(Data for the task begins)

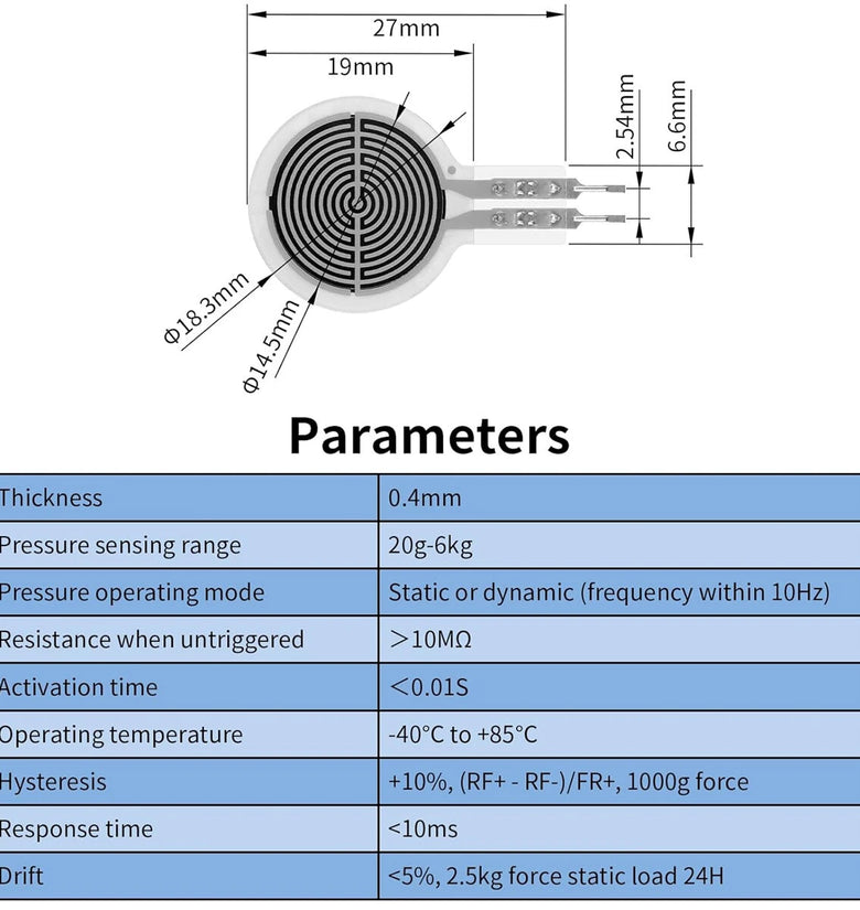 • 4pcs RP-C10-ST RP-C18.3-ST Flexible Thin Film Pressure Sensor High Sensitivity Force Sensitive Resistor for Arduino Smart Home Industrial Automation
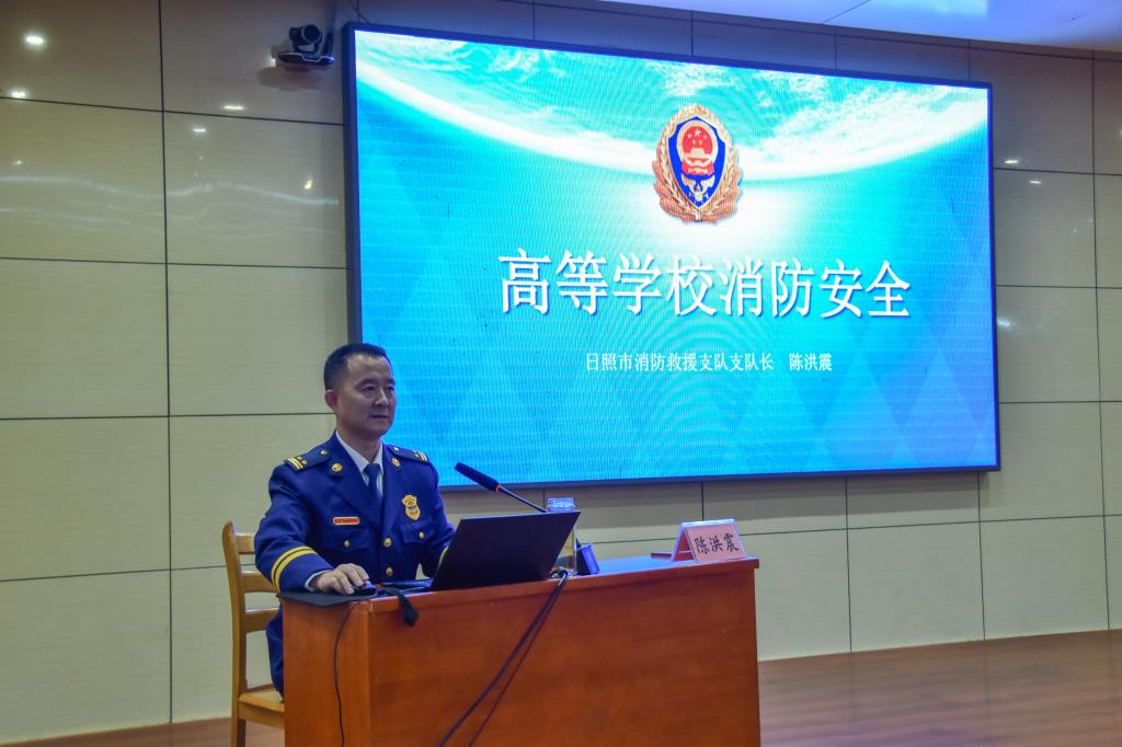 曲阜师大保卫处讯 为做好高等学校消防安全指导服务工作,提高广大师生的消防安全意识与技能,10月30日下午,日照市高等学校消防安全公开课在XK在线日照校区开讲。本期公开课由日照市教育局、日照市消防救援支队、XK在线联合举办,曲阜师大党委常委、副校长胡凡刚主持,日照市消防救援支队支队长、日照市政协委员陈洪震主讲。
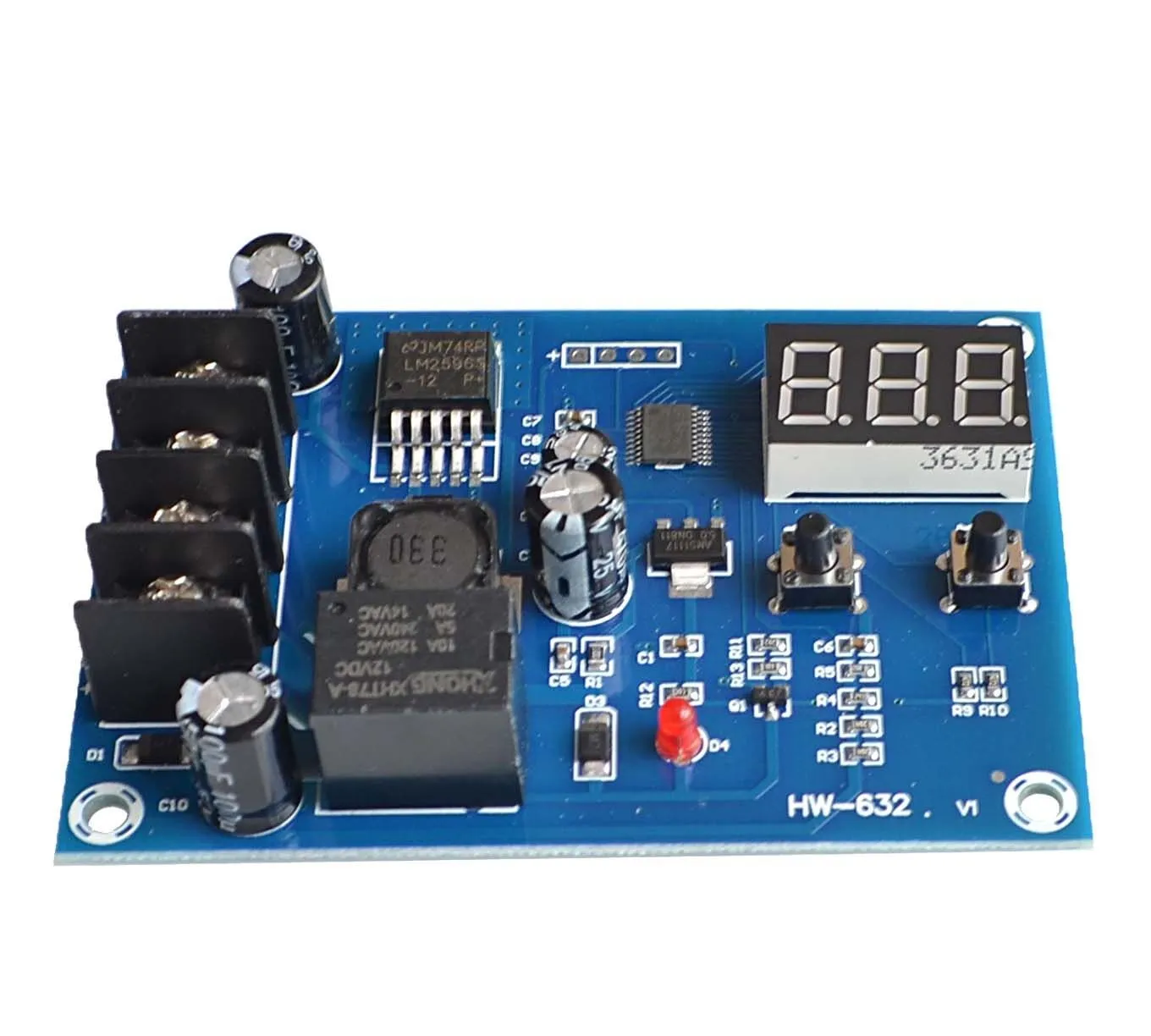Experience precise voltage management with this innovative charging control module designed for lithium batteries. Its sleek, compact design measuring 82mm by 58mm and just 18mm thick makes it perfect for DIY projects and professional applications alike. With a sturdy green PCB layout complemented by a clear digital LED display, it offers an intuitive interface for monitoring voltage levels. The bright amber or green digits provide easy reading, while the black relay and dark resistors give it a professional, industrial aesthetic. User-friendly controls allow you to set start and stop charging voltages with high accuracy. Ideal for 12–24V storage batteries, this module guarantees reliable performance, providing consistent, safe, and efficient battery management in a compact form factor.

(Data for the task ends)
(Data for the task begins)

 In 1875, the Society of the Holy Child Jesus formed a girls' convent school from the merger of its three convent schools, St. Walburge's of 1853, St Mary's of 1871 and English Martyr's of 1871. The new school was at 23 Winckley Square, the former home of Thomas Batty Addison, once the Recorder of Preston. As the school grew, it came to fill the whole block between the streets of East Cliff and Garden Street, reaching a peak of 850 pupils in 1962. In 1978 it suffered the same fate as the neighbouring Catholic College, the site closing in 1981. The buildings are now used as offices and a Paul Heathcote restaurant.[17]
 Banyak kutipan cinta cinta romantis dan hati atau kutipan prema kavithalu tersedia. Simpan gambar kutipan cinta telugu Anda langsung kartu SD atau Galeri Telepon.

(Data for the task ends)
(Data for the task begins)

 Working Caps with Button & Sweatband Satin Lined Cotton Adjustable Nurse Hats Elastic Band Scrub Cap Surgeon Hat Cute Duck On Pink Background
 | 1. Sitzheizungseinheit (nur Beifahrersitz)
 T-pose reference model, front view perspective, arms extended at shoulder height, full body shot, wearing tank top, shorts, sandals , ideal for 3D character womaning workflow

(Data for the task ends)

• **Exercise brief**
Would you copy, unchanged, the stretch of the records above that begins at the line containing "Sitzheizungseinheit (nur Beifahrersitz)" and ends at the line containing "T-pose reference model, front", and only that?

• **Response to this exercise**
 | 1. Sitzheizungseinheit (nur Beifahrersitz)
 T-pose reference model, front view perspective, arms extended at shoulder height, full body shot, wearing tank top, shorts, sandals , ideal for 3D character womaning workflow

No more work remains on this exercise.